Maureen L. Cropper

University of Maryland, College Park


Primary Section: 64, Human Environmental Sciences
Secondary Section: 54, Economic Sciences
Membership Type:
Member (elected 2008)

Biosketch

Maureen Cropper is a Distinguished University Professor of Economics at the University of Maryland.  She is also a Senior Fellow at Resources for the Future, a member of the Board of the National Bureau of Economic Research and a member of the National Academy of Sciences.  Professor Cropper served as a Lead Economist in the World Bank’s Research Department from 1993-2006 and was a member of the USEPA’s Science Advisory Board from 1994-2006, where she chaired the Advisory Council on Clean Air Compliance Analysis and the Environmental Economics Advisory Committee.  She recently co-chaired the National Academy of Sciences Committee on Assessing Approaches to Updating the Social Cost of Carbon.  Professor Cropper’s research has focused on valuing the health impacts and health benefits of environmental programs, especially program to reduce air pollution.  She is an author of the recent Lancet Commission report on Pollution and Health.  Her current research centers on evaluating energy and environmental policies in India.  

Research Interests

I am an environmental economist whose research has focused on valuing non-market benefits associated with environmental improvements-primarily health benefits, such as increases in life expectancy associated with reductions in air and water pollution, and reductions risk of chronic illness associated with improvements in air quality.
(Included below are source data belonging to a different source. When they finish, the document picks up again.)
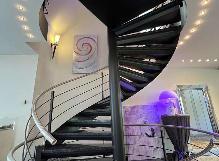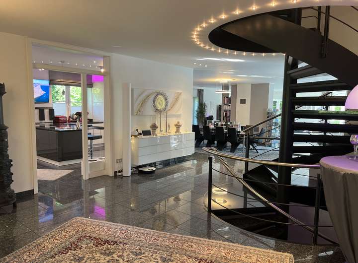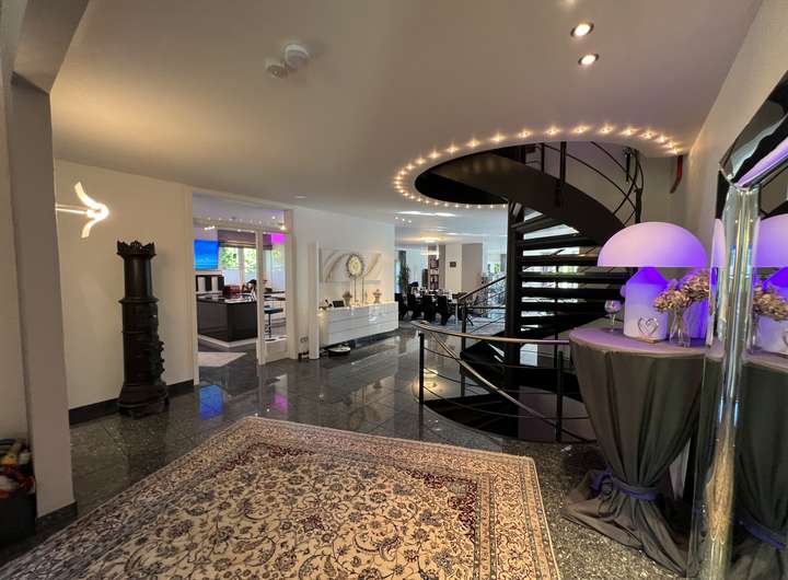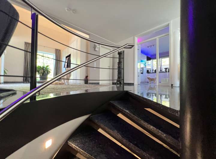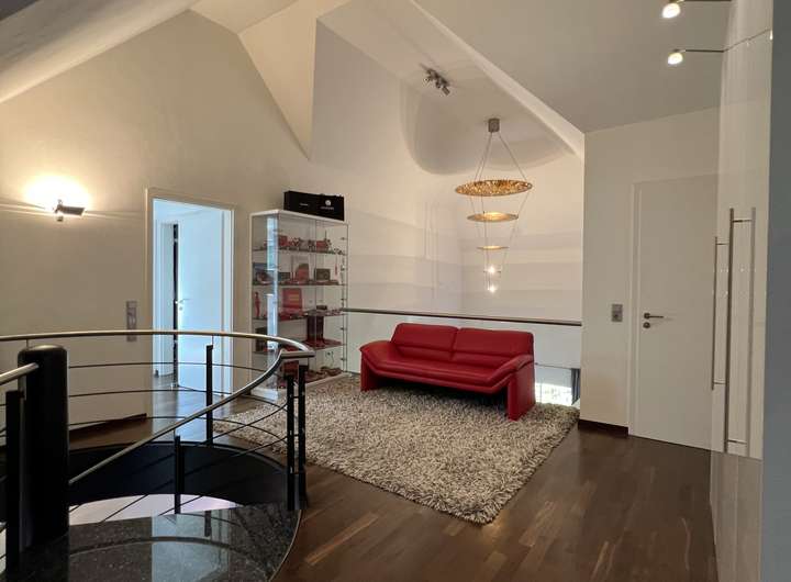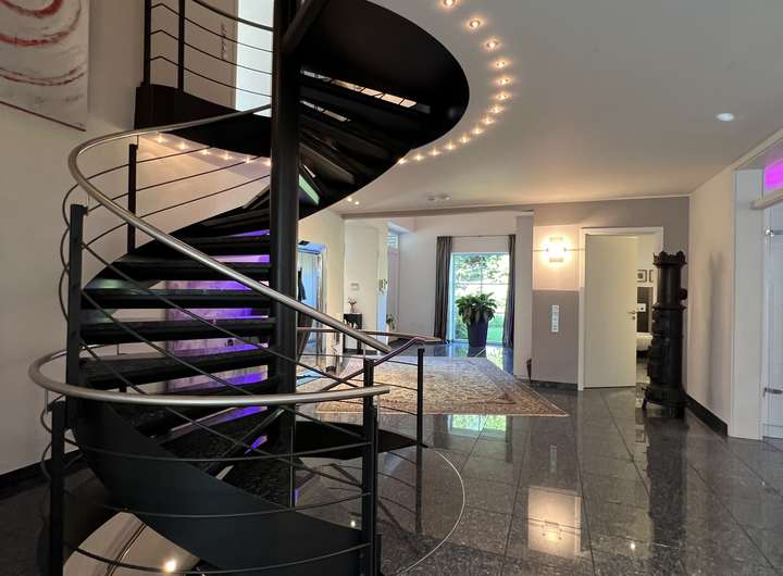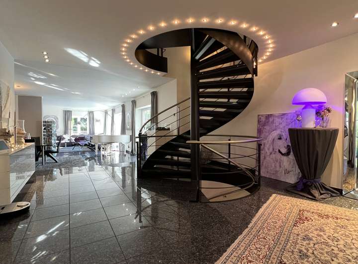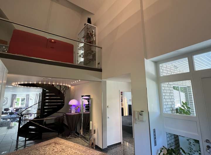 Beim Betreten des Hauses empfängt Sie eine beeindruckende, helle & hohe Eingangshalle mit Blick zur offen gestalteten Galerie des Obergeschosses, in welches Sie über eine phänomenale gewendelte Treppe in wertiger Stahlkonstruktion gelangen dürfen.
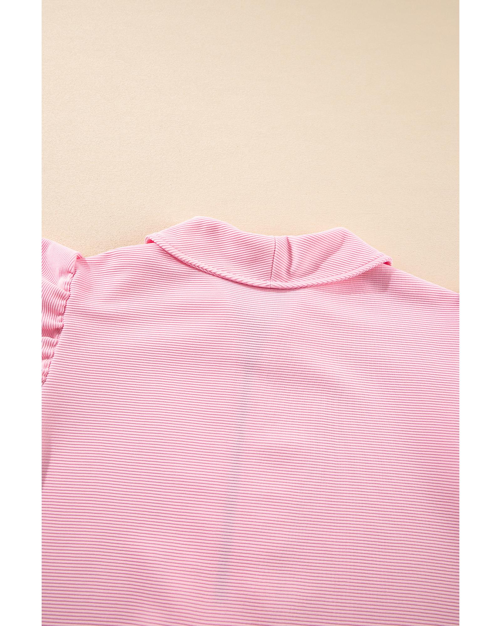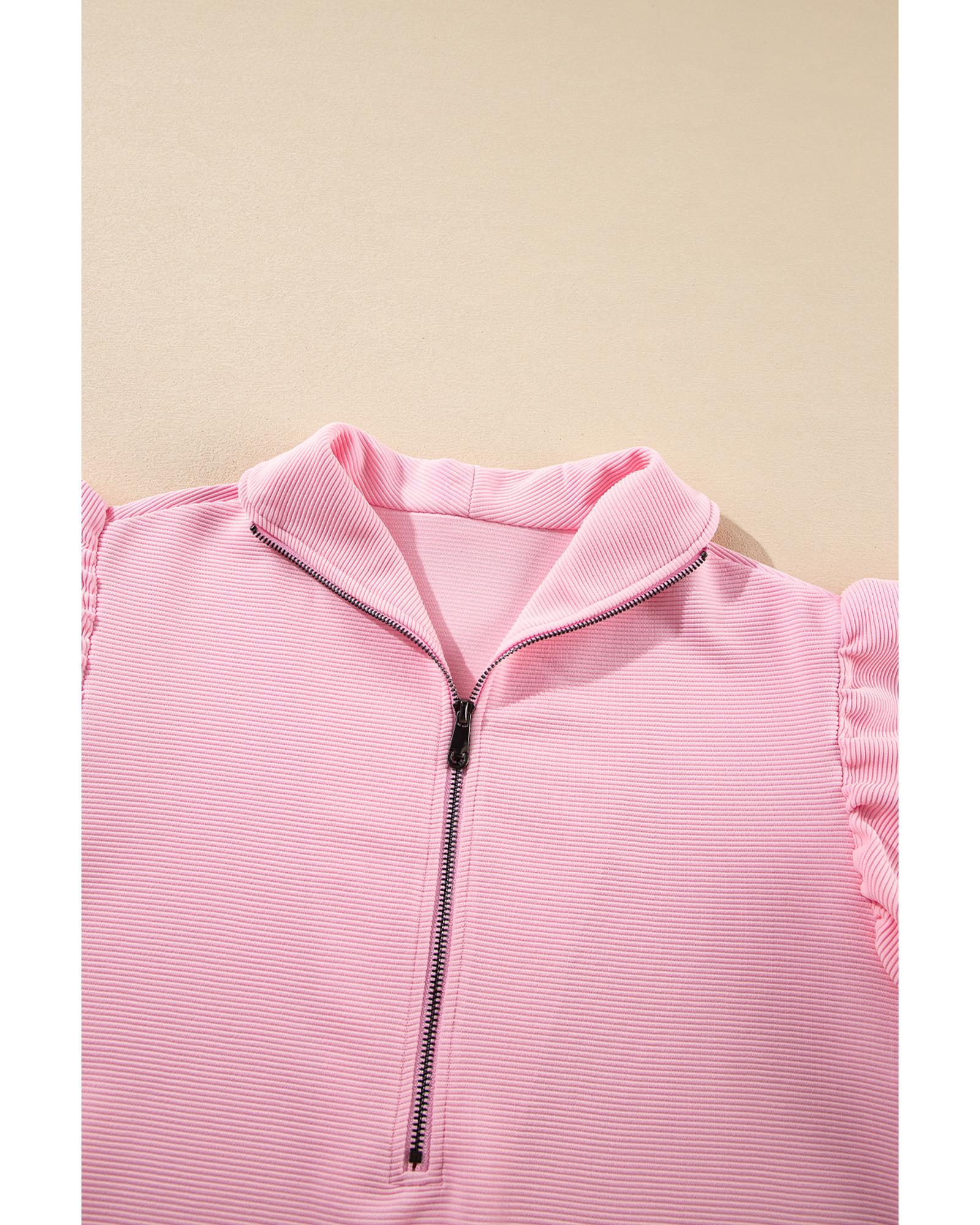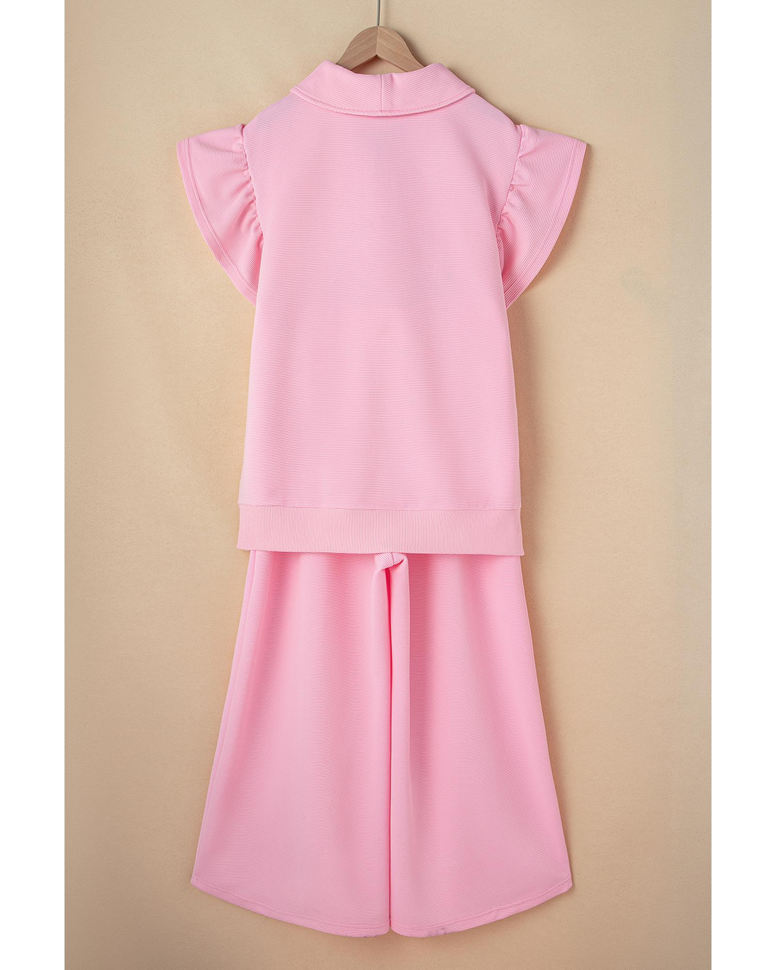 Pink Textured Ruffled Sleeve Zipped Top and Wide Leg Pants Set – S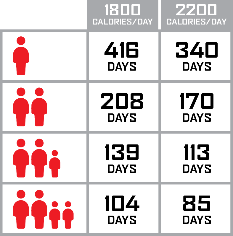 - 48 pouches of Pasta Alfredo (192 total servings)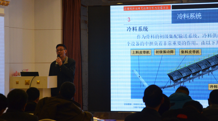 鐵拓機械技術研發中心經理揭文忠為學員們講授《瀝青攪拌設備常見故障分析與處理方法、溝通答疑》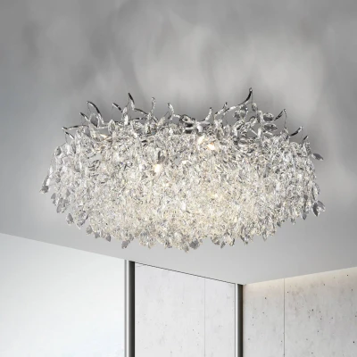 Ricicle ceiling light made of chrome-plated metal with crystal pendants The Ricicle ceiling light looks luxurious and elegant in any room, whether living room, entrance hall, hotel lobby, restaurant or hall. The elegant, sweeping light made of shiny chrome-plated metal is fitted with countless strands of sparkling crystal pendants and presents a breathtaking play of light that will enchant any room. Its pompous presence and exclusive radiance make the light an elegant eye-catcher in any room. The ceiling light is fitted with G9 sockets, which can be used with LED bulbs as well as halogen bulbs to keep up with the latest energy efficiency standards. The glass crystal pendants reflect the light in a fascinating way and create an inviting and dazzling atmosphere.
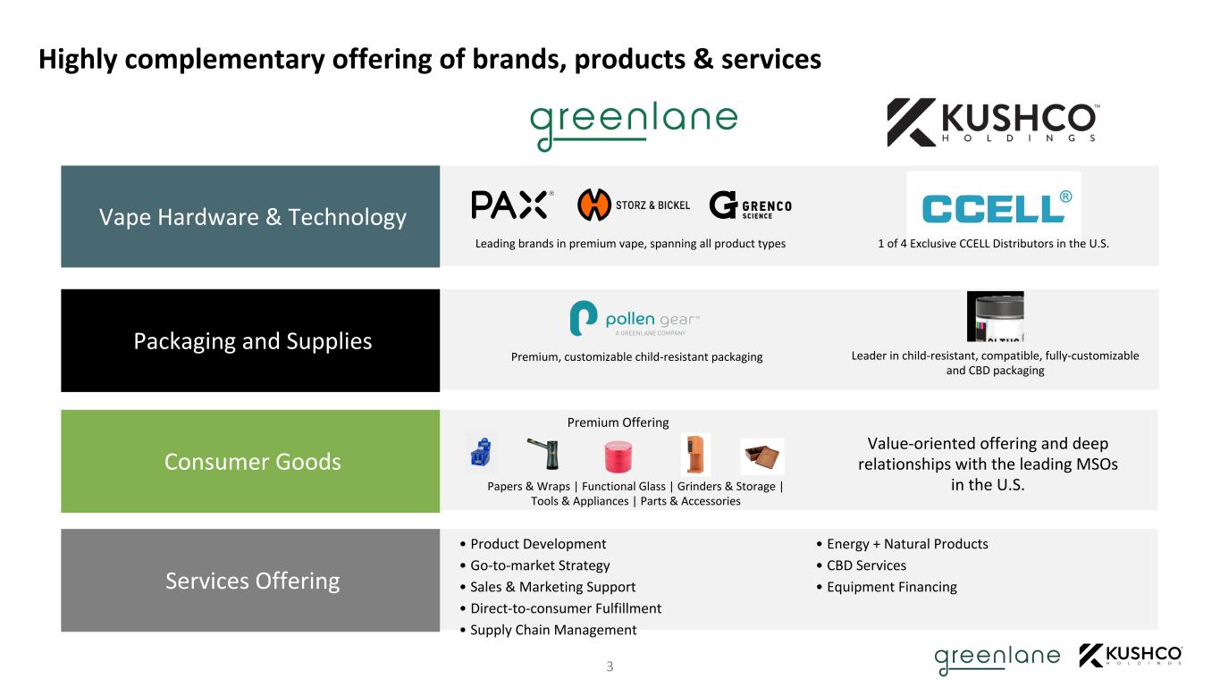 Structure • Stock-for-stock combination with approximately 0.2546 Greenlane Class A shares received for each KushCo share (the “Base Exchange Ratio”), subject to adjustment(1) • Expected pro forma ownership to Greenlane stockholders of 50.1%(1) and to KushCo stockholders of 49.9%(1) • Base Exchange Ratio(1) represents a 6.3% premium to KushCo’s 20-day volume-weighted average closing price ending on March 30, 2021 • All of Greenlane Class C Common Stock to be converted to Class B Common Stock on a 3-to-1 basis which will have the effect of retiring the existing enhanced voting rights of Greenlane’s majority stockholder Management • Nick Kovacevich, KushCo’s CEO, will serve as CEO of the combined company • Bill Mote, Greenlane’s CFO, will serve as CFO of the combined company • Aaron LoCascio, Greenlane’s CEO and Co-founder, will serve as President of the combined company • Adam Schoenfeld, Greenlane’s Chief Strategy Officer (CSO) and Co-founder, will serve as CSO of the combined company • Additional senior leadership positions of the combined company will be named at a later date Board of Directors • 7 Board Members • Four of whom are current Greenlane directors, including Aaron LoCascio and Adam Schoenfeld • Three of whom are current KushCo directors, including Nick Kovacevich • Independent Chairman of the Board to be appointed at a later date Headquarters • Boca Raton, FL with a significant footprint in Southern California Name / Ticker • Greenlane / Nasdaq: GNLN Timing • Subject to customary closing conditions, including regulatory and Greenlane and KushCo stockholder approvals • Expected to close in late Q2 2021 or early Q3 2021 transaction overview 2 1. The Merger Agreement permits Greenlane to continue to pursue opportunistic and strategic priorities prior to the closing of the Transaction, including engaging in certain contemplated acquisitions and capital raising transactions. If Greenlane issues additional securities prior to the closing of the Transaction in connection with any acquisitions or capital raising transactions, the Base Exchange Ratio will be adjusted such that Greenlane’s existing stockholders maintain an aggregate interest of at least 50.1%, and not more than 51.9%, in the combined company.

Some of this research has been theoretical-analyzing how the value of reductions in risk of death should vary over the life cycle-and some empirical-attempting to estimate what people will pay for reductions in their risk of dying, and to see how these values vary with a person's age and how far in the future the risk reduction occurs. These estimates are used in cost-benefit analyses of health and safety regulations by the USEPA and other agencies. Another strand of my research has analyzed regulatory decisions issued by the USEPA to infer the value of lives saved implicit in these regulations. In many cases, these values are much greater than what individuals would themselves pay for risk reductions. Other research has focused on inferring the value of environmental amenities from housing prices and from migration decisions. More recently, I have analyzed preferences for environmental and safety improvements in developing countries.